Oj smakowały twoje piękne róże tym szkodnikom. Faktycznie są ble.
Anulka jak się spotkamy to chyba będę siwa. Tak te roboty się ciągną. Nie mam dachu. Dosłownie jazda bez trzymanki.
oj Kasiu...... jeszcze chwilka ! dasz radę !!!! będzie i dach, będą ściany
bądź silna !!!
i na koniec, choć nie wiem czy to dobre zakończenie jest....

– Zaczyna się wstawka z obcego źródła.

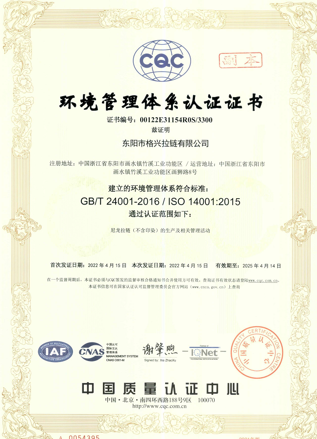 環境管理體系認證證書

moje odkrycie dzisiaj ! widziałam, że coś mi żre róże ... ale zobaczyć na własne oczy !!! jak się najadło toto.... jak z obżarstwa zasnęło na liściu.... jak myśli sobie, że może tak leżeć i żreć moje róże!!! paskudy jedne ! i takie rozpasane posnęły..... a czuwać trzeba było......................

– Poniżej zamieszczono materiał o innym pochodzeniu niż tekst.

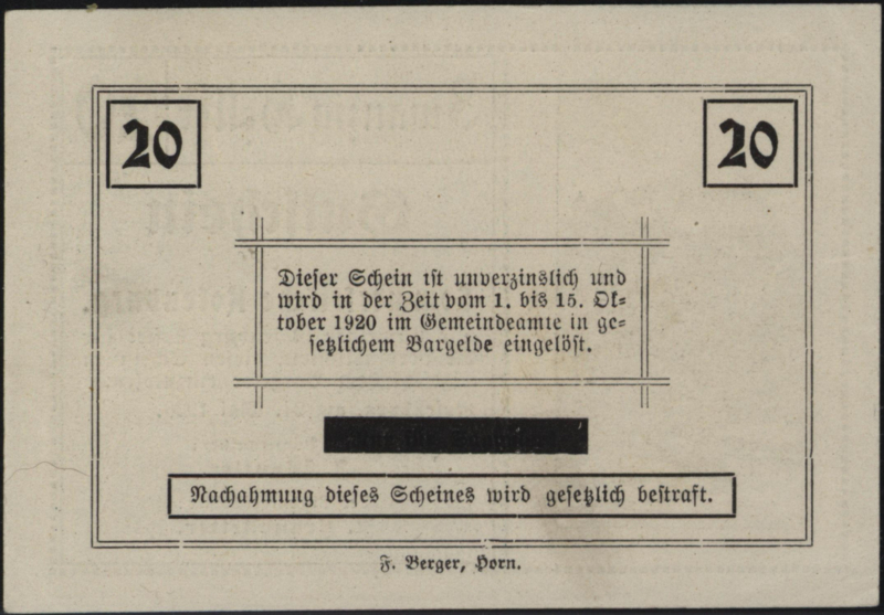 Oostenrijk - Noodgeld - Rosenburg KK846 20 Heller 1920

I chwali się,że butem właśnie przebrnęłam przez 4 filmiki o chemii ...;(
Pospacerowałam i wypoczęłam przed snem.
Żadnej jesieni jeszcze nie widać kilka liści z nadmiaru deszczu wcześniejszego i chłodów
Czy podobna czy masz różę Vinci ???
Pozdrawia An
Martek, no wiem, chemia be..... ale czasem nie da się bez (inaczej róże j.w. )
nie wiem jaką mam różę !!! mogę sprawdzić jutro? bo dzisiaj już padam Madame !
a co do jesieni...no fakt, gorąco, słonecznie - pełnia lata ! cofam !!!